Tom 1 (1) Seria Limbi moderne 2002

Les erreurs de français des roumanophones : essai de


typologie

Céline MOLLAERT 

Abstract
In this paper we analyse the main types of errors made by Romanian students in the initial
stages of studying the French language. After a short presentation of the theoretical concepts
in the field, we suggest a classification of these errors depending on the context in which they
occur, and we highlight the interferences-based errors, particular to a certain linguistic group.
Rezumat
În acest articol, ne propunem să analizăm principalele tipuri de greşeli pe care le-am
identificat la studenţii români, începători în studiul limbii franceze.
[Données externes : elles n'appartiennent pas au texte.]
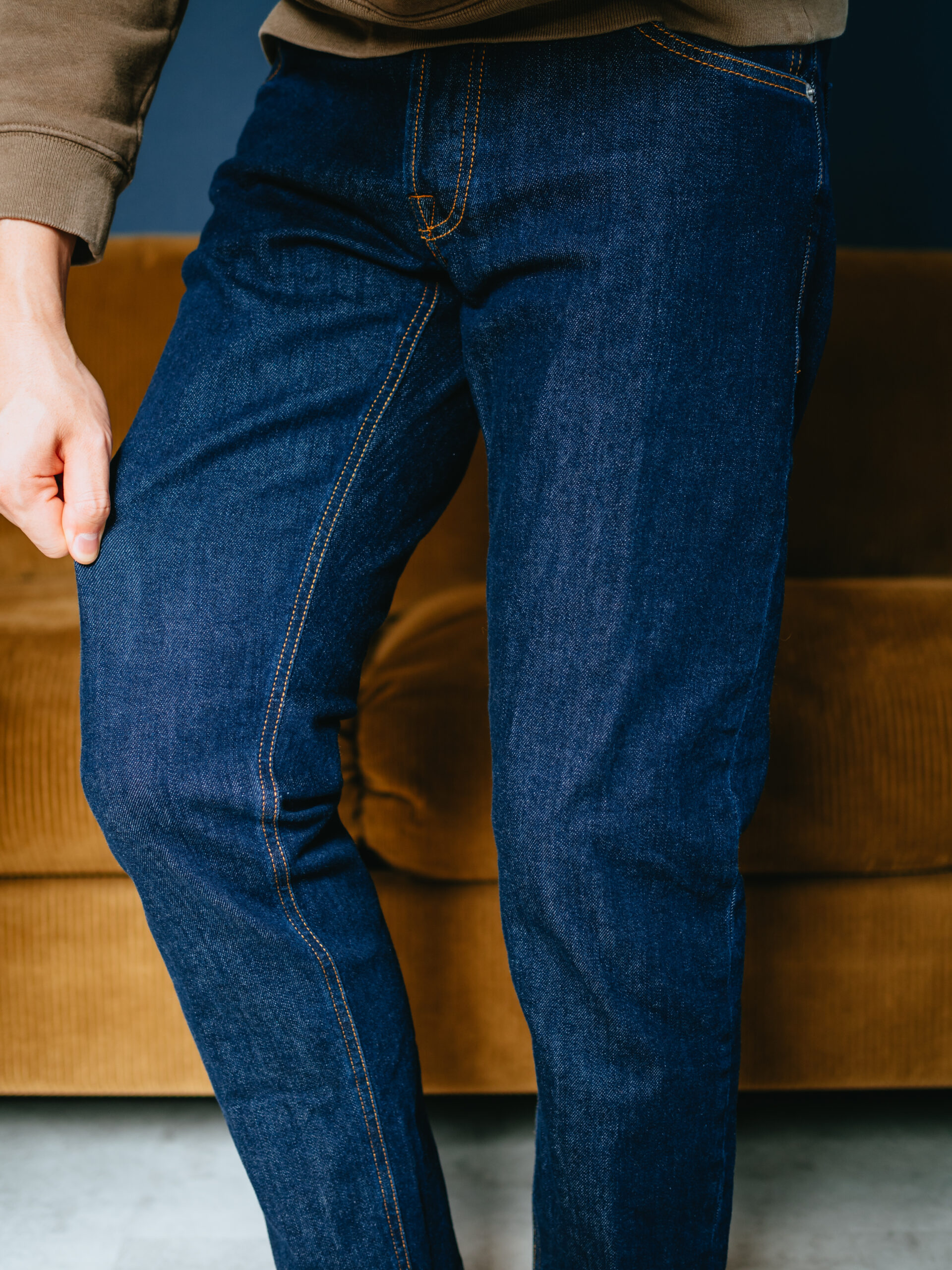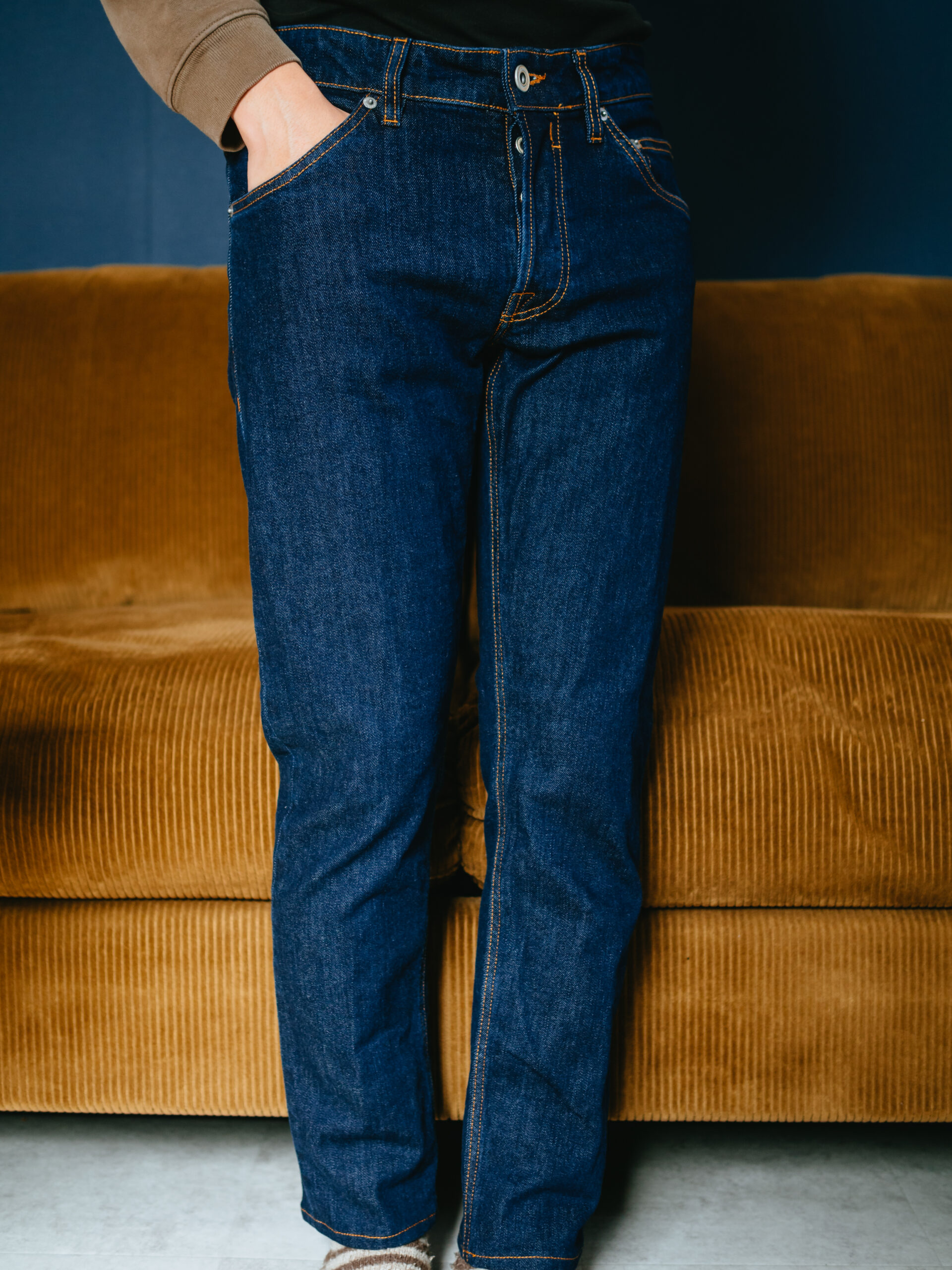 ポリウレタン混で伸縮性があるので、カジュアル使いで気軽にストレスなく履ける快適な穿き心地です。綿100%の固いデニムばかり履いていたので、全く異なる履き心地に感動。

După o scurtă trecere în
revistă a noţiunilor teoretice de specialitate, vom propune o clasificare a greşelilor în funcţie
de contextul în care acestea apar, insistând asupra tipurilor de greşeli datorate interferenţelor,
specifice unui anumit grup lingvistic.

Introduction

Discipline pratiquée en didactique des langues depuis les années 1960, l'analyse
d'erreurs comporte un "double objectif" (Besse et Porquier, 1991, p. 227). Elle cherche, d'une
part, à "mieux comprendre les processus d'apprentissage d'une langue étrangère" et, d'autre
part, à "améliorer l'enseignement". C'est dans ce cadre que s'inscrit cet article. Sans prétendre
à l'exhaustivité, il tente en effet d'expliquer les types d'erreurs rencontrées chez les apprenants
roumanophones en français et surtout de déterminer les mécanismes qui les ont engendrées.
Les justifications avancées pourraient peut-être permettre, par la suite, de proposer des outils
pédagogiques adaptés pour prévenir et corriger ces erreurs.
Vu l'objectif, il nous a semblé intéressant de travailler avec des "débutants" ou "faux
débutants". Cela permet en effet de mettre en évidence les erreurs qui se manifestent dès le
début de l'apprentissage, et qui, si elles ne sont pas prises en compte assez rapidement,
peuvent se fossiliser. Les erreurs commentées, choisies d'après leur fréquence et leur nature,


Lectrice belge (CGRI) à la Chaire de langues modernes de l’Université „Politehnica” de Timişoara.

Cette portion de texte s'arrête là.